* _What is expected_: The expected output is the data below, character for character, without its pictures.

* _Information supplied_:
• • • • • • •

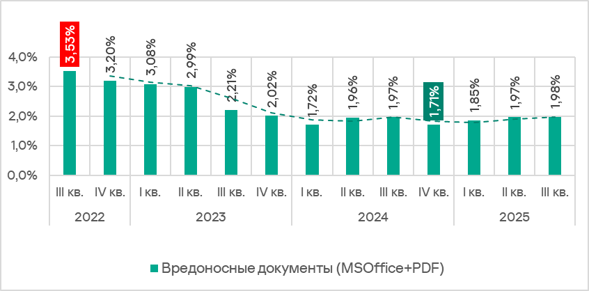 В третьем квартале 2025 года доля компьютеров АСУ, на которых были заблокированы такие угрозы, немного уменьшилась — до 3,01%.
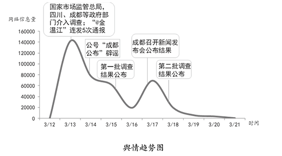 3月14日10時(shí)許,微信公眾號(hào)“成都發(fā)布”刊發(fā)文章《這些謠言信不得!》,盤點(diǎn)了警民沖突、家長跳樓、家長臥底等流傳甚廣的六大謠言。隨后,中國網(wǎng)、鳳凰網(wǎng)、四川在線等多家媒體轉(zhuǎn)載,對(duì)遏制網(wǎng)絡(luò)謠言起到?jīng)Q定性作用。相關(guān)部門回應(yīng)后,公眾討論逐步回歸食品安全本身,輿情呈現(xiàn)降溫跡象。
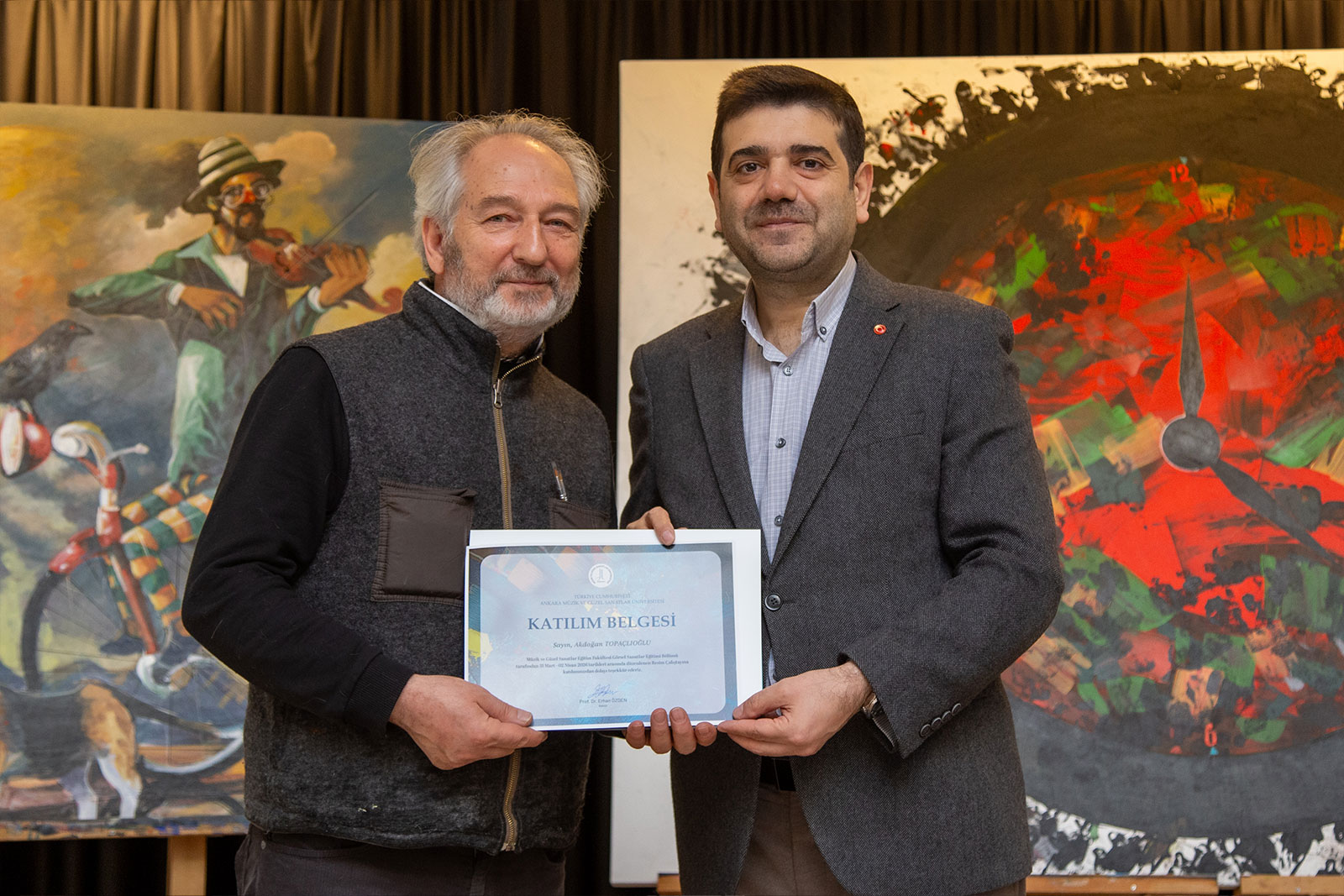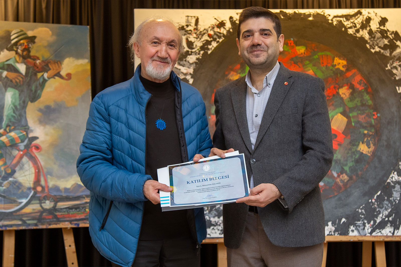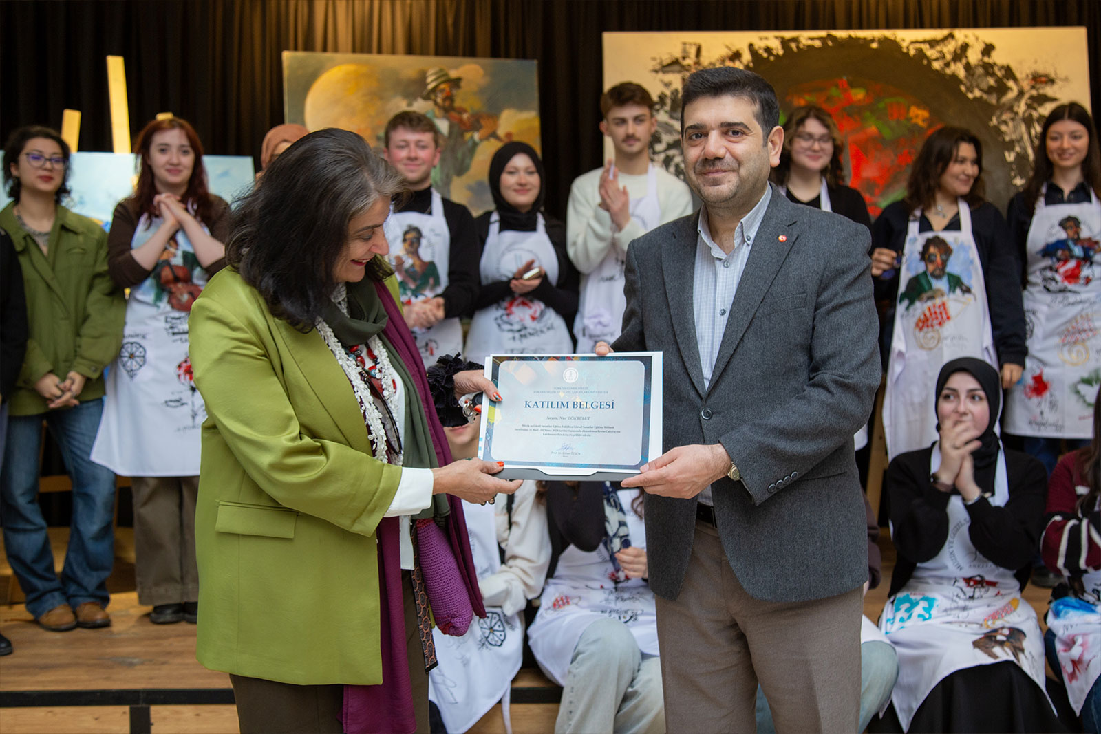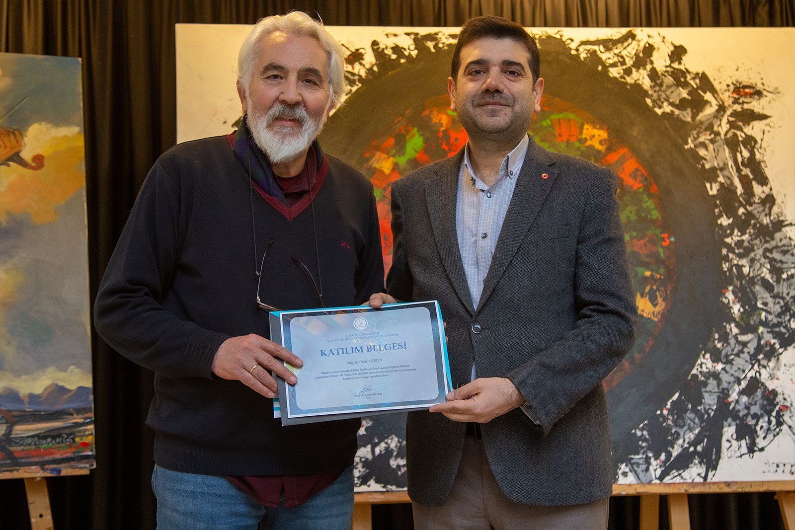 Program sonunda ortaya çıkan eserler sanatçılar tarafından üniversitemize hediye edilirken, katılımcılara belgeleri Rektörümüz Prof. Dr. Erhan Özden tarafından takdim edildi. Akademik ve sanatsal açıdan verimli geçen çalıştay, üniversitemizin sanat odaklı vizyonuna katkı sağlayan önemli bir etkinlik olarak değerlendirildi.
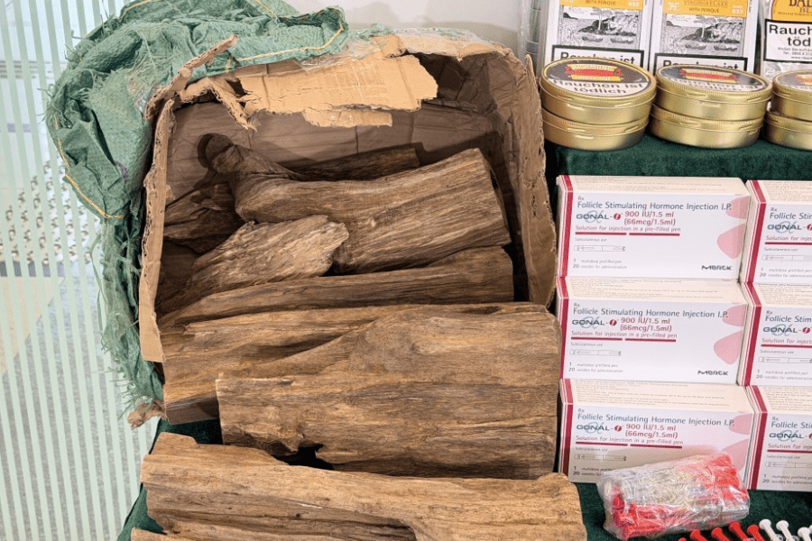 Subsequent inspections uncovered large quantities of undeclared goods, including about 400,000 capsules and 635 bottles of pharmaceutical products, 360 kilograms of tobacco, 5,800 vaping cartridges, 75 kilograms of bird’s nest, 43 kilograms of controlled shark fins, and 4 kilograms of agarwood.

• • • • • • •

* _Solution_:
 В третьем квартале 2025 года доля компьютеров АСУ, на которых были заблокированы такие угрозы, немного уменьшилась — до 3,01%.
 3月14日10時(shí)許,微信公眾號(hào)“成都發(fā)布”刊發(fā)文章《這些謠言信不得!》,盤點(diǎn)了警民沖突、家長跳樓、家長臥底等流傳甚廣的六大謠言。隨后,中國網(wǎng)、鳳凰網(wǎng)、四川在線等多家媒體轉(zhuǎn)載,對(duì)遏制網(wǎng)絡(luò)謠言起到?jīng)Q定性作用。相關(guān)部門回應(yīng)后,公眾討論逐步回歸食品安全本身,輿情呈現(xiàn)降溫跡象。
 Program sonunda ortaya çıkan eserler sanatçılar tarafından üniversitemize hediye edilirken, katılımcılara belgeleri Rektörümüz Prof. Dr. Erhan Özden tarafından takdim edildi. Akademik ve sanatsal açıdan verimli geçen çalıştay, üniversitemizin sanat odaklı vizyonuna katkı sağlayan önemli bir etkinlik olarak değerlendirildi.
 Subsequent inspections uncovered large quantities of undeclared goods, including about 400,000 capsules and 635 bottles of pharmaceutical products, 360 kilograms of tobacco, 5,800 vaping cartridges, 75 kilograms of bird’s nest, 43 kilograms of controlled shark fins, and 4 kilograms of agarwood.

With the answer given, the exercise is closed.